着物の仕立てと仕立て直し伊藤和裁

仕立て直し

仕立て直し事例 - 片身替わりに仕立て直し


リピーターのお客様のご依頼です。以前、創作仕立てをさせて頂いた時のご本人の紬着物の余り布が少し残っているので、その余り布と(故)お父様の反物の状態で持っている青色地の男物紬アンサンブルの生地でもう1枚、着物を仕立ててほしいとご相談を受けました。
左身頃に左袖とお客様の紬着物を使いました。左袖底は袖丈が足りないので、青色地の紬でパッチワークをほどこしてあります。仕立て直し方の特徴としては、柄合わせを工夫し、模様配置を片身替わりに仕立て直してあります。片身替わりは背縫いを中心に左右、それぞれに違った地色や文様を配した着物のことをいいます。今回は、左側にご本人の紬着物地、右側にお父様の青色地男物紬を配置ました。寸法は普通寸法ですが、少し前巾を広めにしてあります。

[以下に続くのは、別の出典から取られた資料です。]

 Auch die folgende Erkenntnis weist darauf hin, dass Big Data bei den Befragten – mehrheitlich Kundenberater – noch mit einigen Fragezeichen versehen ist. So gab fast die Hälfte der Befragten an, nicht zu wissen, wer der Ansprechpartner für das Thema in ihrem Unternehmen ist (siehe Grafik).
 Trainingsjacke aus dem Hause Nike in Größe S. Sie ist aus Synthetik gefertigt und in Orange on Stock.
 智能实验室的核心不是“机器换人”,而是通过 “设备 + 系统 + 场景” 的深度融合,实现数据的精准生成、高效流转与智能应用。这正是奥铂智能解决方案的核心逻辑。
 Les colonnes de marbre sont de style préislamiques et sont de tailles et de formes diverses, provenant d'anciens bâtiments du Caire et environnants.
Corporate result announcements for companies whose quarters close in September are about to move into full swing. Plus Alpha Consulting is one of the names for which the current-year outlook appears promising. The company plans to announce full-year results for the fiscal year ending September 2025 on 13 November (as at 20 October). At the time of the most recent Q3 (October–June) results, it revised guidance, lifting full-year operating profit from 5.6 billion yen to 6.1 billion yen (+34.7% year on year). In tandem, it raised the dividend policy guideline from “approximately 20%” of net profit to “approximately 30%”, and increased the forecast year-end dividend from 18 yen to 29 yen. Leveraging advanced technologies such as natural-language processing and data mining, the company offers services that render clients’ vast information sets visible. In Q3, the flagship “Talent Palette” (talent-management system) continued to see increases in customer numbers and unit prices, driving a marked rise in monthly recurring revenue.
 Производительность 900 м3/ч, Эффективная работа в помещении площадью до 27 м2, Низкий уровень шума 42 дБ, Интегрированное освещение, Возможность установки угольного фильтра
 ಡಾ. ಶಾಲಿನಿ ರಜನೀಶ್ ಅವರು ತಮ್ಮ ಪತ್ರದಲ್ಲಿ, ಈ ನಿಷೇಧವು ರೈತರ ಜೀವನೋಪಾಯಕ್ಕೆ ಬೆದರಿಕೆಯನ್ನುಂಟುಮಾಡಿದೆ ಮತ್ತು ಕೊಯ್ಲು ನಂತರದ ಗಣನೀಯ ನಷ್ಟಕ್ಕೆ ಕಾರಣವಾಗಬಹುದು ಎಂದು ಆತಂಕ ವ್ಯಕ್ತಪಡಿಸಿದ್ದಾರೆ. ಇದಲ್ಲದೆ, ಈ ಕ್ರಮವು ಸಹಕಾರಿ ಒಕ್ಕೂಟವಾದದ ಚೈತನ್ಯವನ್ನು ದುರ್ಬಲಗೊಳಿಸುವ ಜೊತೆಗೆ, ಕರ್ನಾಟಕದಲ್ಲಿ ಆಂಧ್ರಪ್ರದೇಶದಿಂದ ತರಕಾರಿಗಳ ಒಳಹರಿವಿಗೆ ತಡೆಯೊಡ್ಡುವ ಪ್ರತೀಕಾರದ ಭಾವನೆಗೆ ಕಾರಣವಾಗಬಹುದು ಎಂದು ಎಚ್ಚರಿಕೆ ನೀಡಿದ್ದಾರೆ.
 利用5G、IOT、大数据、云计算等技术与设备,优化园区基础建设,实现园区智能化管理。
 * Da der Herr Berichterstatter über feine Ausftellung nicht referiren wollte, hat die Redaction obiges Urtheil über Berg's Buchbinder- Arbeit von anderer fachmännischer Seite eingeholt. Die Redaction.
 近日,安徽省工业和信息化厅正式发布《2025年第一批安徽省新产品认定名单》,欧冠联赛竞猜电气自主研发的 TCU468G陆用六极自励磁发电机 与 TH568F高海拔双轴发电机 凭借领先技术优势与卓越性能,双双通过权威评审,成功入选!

裏地は紬の無地の八掛けを使用しましたので、八掛けの寸法が短くなってしまいました。(普通は八掛けの寸法は1尺5~6寸ですが、このお着物の八掛け寸法は1尺です)なので、その分、胴裏が長くいります。そして、裾とフキを出さないで毛抜き合わせに仕立てました。
振袖や訪問着を仕立てる教科書通りの仕立てではありませんので、いろいろとそして、ありとあらゆる仕立てを経験してきた応用できる仕立ての技術が必要になります。裁ち合わせ、ヘラ付け、柄付け、と工夫と手間と時間がいる仕立て直しを楽しくさせて頂きました。ご本人の着物もこれで無駄なく全て使いきりました。着物布を2枚でも3枚でも上手にアレンジして大切な着物(タンスに眠っている着物)をいろいろとアレンジしてみるのも楽しいと思います。